Campus News

March 25, 2011

Library gets $695,000 grant for digital humanities center


Robert W. Woodruff library.

A $695,000 grant to the Emory Libraries will establish a cutting-edge, collaborative digital humanities center.

The two-year grant from the Andrew W. Mellon Foundation will provide startup funds for the Digital Scholarship Commons (DiSC) in the Robert W. Woodruff Library.

The proposal plan calls for DiSC to establish a site to draw faculty members and graduate students into new collaborative working relationships with librarians. It also proposes launching four large-scale and four smaller-scale seed projects that will use the library's collections and services in new ways.

Rick Luce, vice provost and director of the Emory Libraries, said, “DiSC's most pioneering contribution as a digital scholarship center will be its ability to build new relationships between librarians and scholars, giving them the opportunity to work together on projects in a shared scholarly partnership."

DiSC will be located on the third floor of the Woodruff Library, in the space formerly occupied by the circulation desk.

Joan A. Smith, chief technology strategist at the Emory Libraries, explained the difference in approach Emory's library takes from other digital scholarship centers across the country.

“We're doing an across-the-board, coffeehouse approach where people and ideas can mingle and bear more fruit than in isolation," said Smith, who is principal investigator for the grant. “In the library, we have an environment where people and ideas from all disciplines intermingle.

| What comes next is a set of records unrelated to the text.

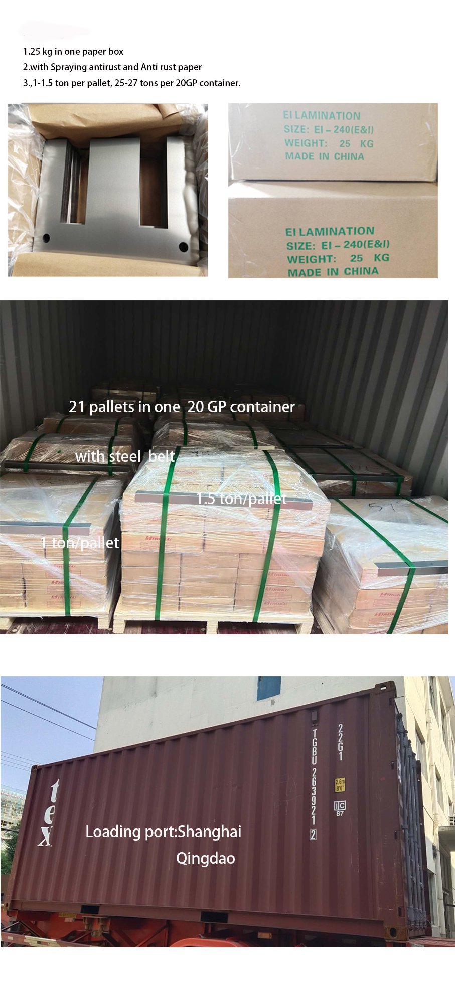 | Package | A carton of 25 kg, sprayed with anti-rust and anti-rust paper, 1-1.5 tons/pallet, 25-27 tons/20GP container. | ||||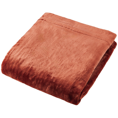 ●吸湿発熱繊維を使用したしっとりなめらかな肌ざわり、シングルサイズの毛布。色はエンジです。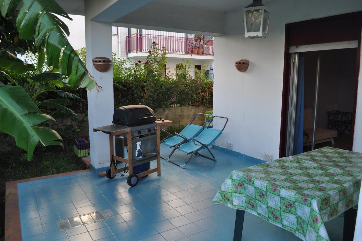 Two-Bedroom House. Boasting a private entrance, this holiday home includes 1 living room, 2 separate bedrooms and 1 bathroom with a shower and a bidet. Guests will find a stovetop, a refrigerator, kitchenware and an oven in the fully equipped kitchen. The holiday home also features a barbecue. Featuring a terrace with garden views, this holiday home also offers a washing machine and a flat-screen TV. The unit has 3 beds.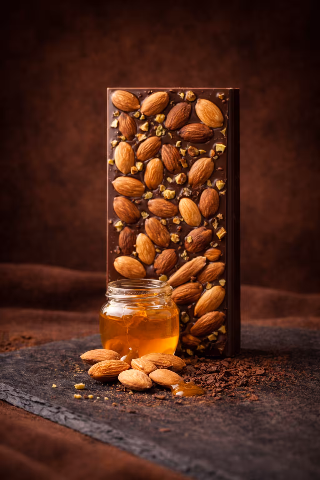 Roasted almonds and golden honey layered into a refined chocolate bar.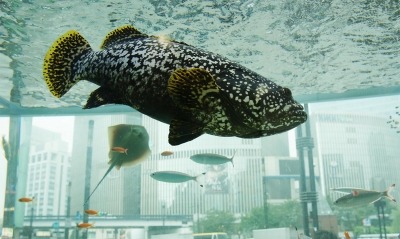 屋外イベントスペース「ソニースクエア」に設置した14トンの大水槽で、沖縄美ら海水族館からやってきた生き物たちが織りなす美ら海の生態系を再現いたします。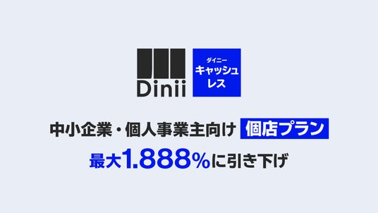 2024年9月19日にサービス提供開始を発表した飲食店専用の決済サービス「ダイニーキャッシュレス」(※1)は、一定の条件を満たした中小企業・個人事業者を対象に、決済手数料を最大1.888%に引き下げた業界最安級の「ダイニーキャッシュレス 個店プラン」の提供を開始します。対象となるカードブランドは、Visa、Mastercard、JCB、Dinersの4種類で、導入費用、月額費用、振込手数料は無料です。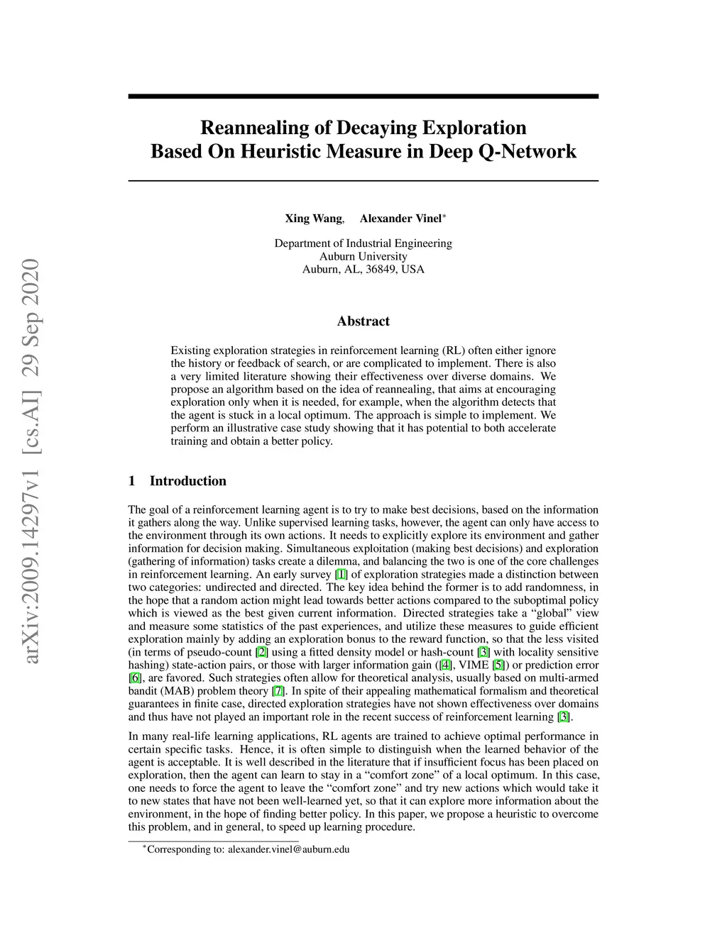 Reannealing of Decaying Exploration Based On Heuristic Measure in Deep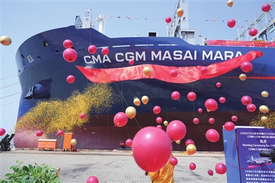 早报5月5日讯 4月27日,青船公司为比利时CMB公司建造的5900TEU系列造船订单的首制船正式命名。据介绍,4年前,从合作建造20.6万吨散货船开始,青船公司与CMB公司建立起密切的合作关系,本次命名的5900TEU首制船“MASAI MARA”号的5900集装箱船1号船,是双方合作建造6艘集装箱系列船的第一艘,也是双方深化合作的最新成果。该船型是山东省目前在建载箱量最多的集装箱船,是青船公司大中型集装箱船建造水平的又一次亮丽展示。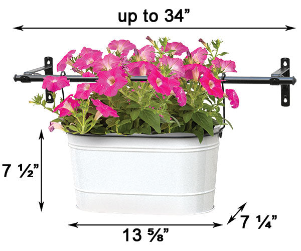 Dimensions: 13.625"L x 7.25"W x 7.5"H planter, 26" to 34"L mounting rod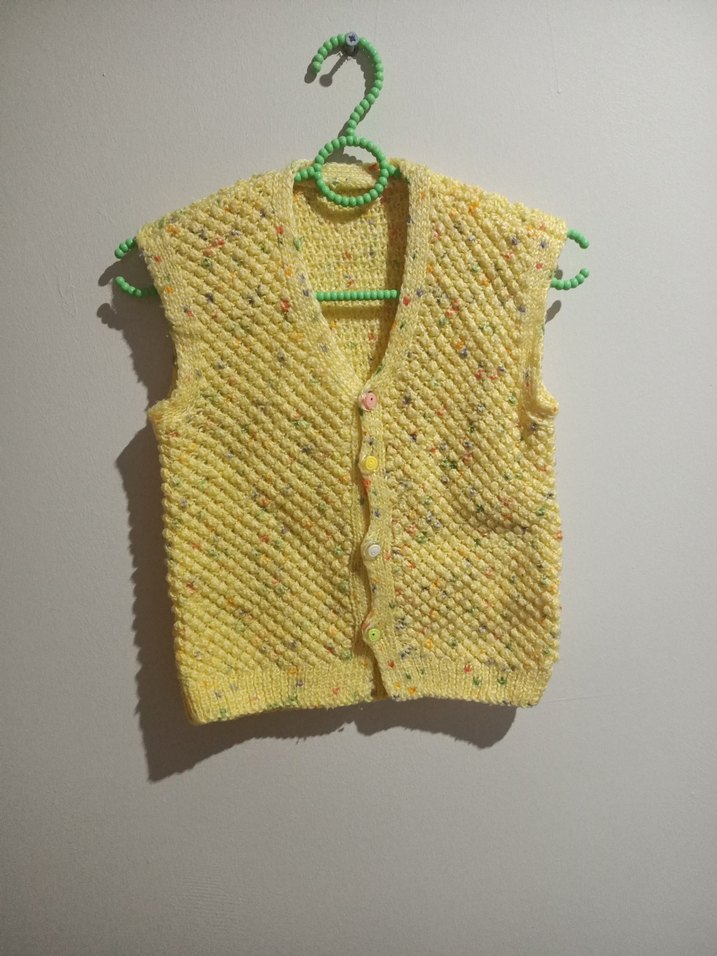 Sarı, örgü, kolsuz yelek, bol kesim ve yuvarlak yaka ile bohem ve retro tarzlara uygundur.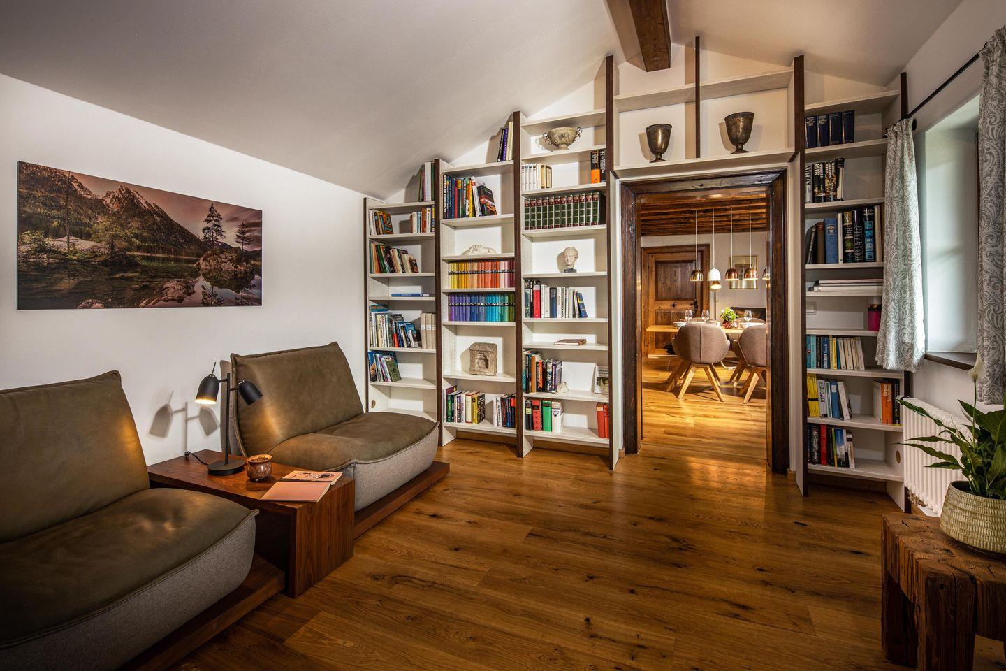 Eine gut sortierte Bibliothek mit bequemer Leder-Sitzgarnitur lädt dazu ein nach einem erlebnisreichen Tag in Berchtesgaden den Tag gemütlich ausklingen zu lassen.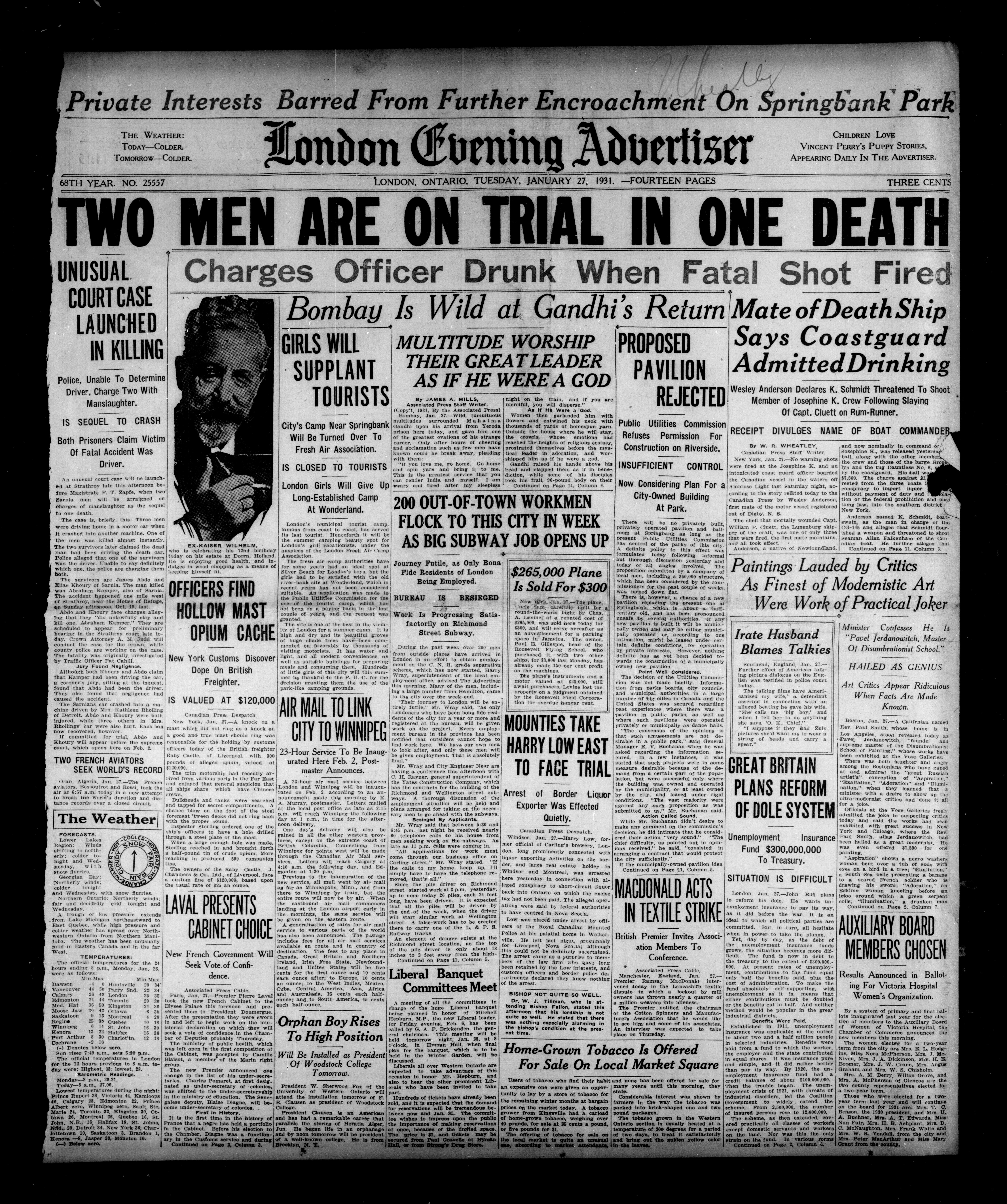 London evening advertiser : 68th Year, No. 25557 (January 27, 1931) - Adresse bibliographique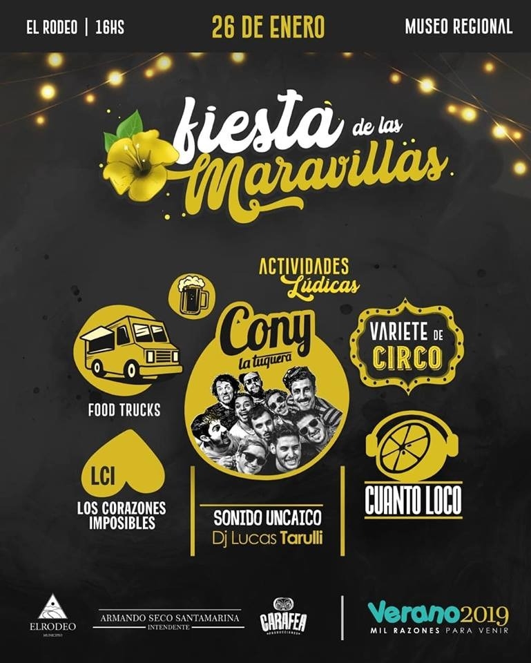 La 1º edición de la Fiesta de las Maravillas contará con un espacio gastronómico de food trucks para comer cosas ricas y degustar cervezas artesanales y, también, los productores de El Rodeo tendrán su espacio para comercializar artesanías y producciones locales.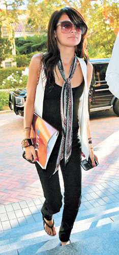 Nicole总能用出色的单品为自己的装扮加分。背心搭配开衫,被花色特别的丝巾加入新的构思,精致的挎包和太阳镜是不可缺的点缀。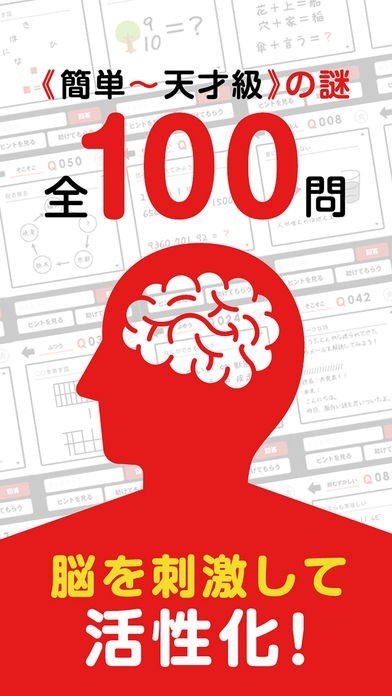 謎解きが100問搭載されており、利用する事で脳の眠っていた部分を起こすことができます。気分をスッキリさせる効果もあるためコツコツ毎日やっていくと効果があるでしょう。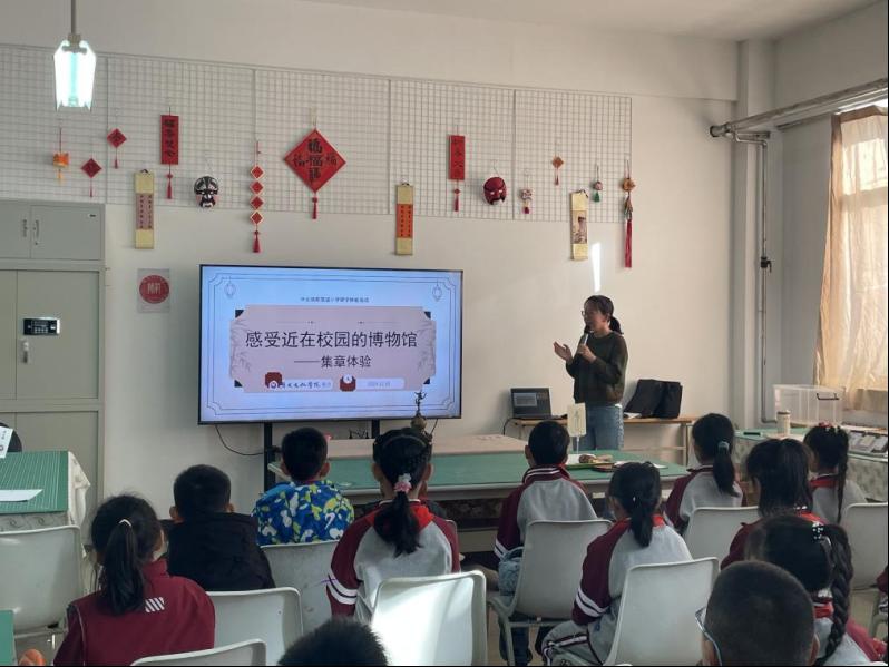 座谈会上,双方针对如何将思政教育融入不同类型的共建活动、创新思政教育形式与内容、博物馆课程的目标定位、模式内容等内容展开了深入探讨。在参观环节,历史学师范本科生党支部党员们带领学生进入历史文化小课堂,让孩子们深入了解“国家改革开放日”“国家公祭日”等相关知识。在集章体验环节,学院老师为学生们讲解光敏印章的特点——“单色”“套色”和“滚筒印章的盖章技巧”。在历史文化学院文物室,志愿者们逐一介绍文物室珍藏的青铜器、瓷器、书画等文化瑰宝,开启看图寻物的奇妙之旅,揭开文物藏品神秘面纱。

It's that confluence of scholars and scholarship that we hope will enrich the space."

Smith describes DiSC as a place where scholars can collaborate with technologists to build a digital scholarship project, analyze data or explore new ways to combine humanities-based research with information technology.

Because the grant begins April 1, DiSC and its staff will operate from a temporary home in Woodruff Library until its third floor renovations are finished, ideally by early September, Smith said.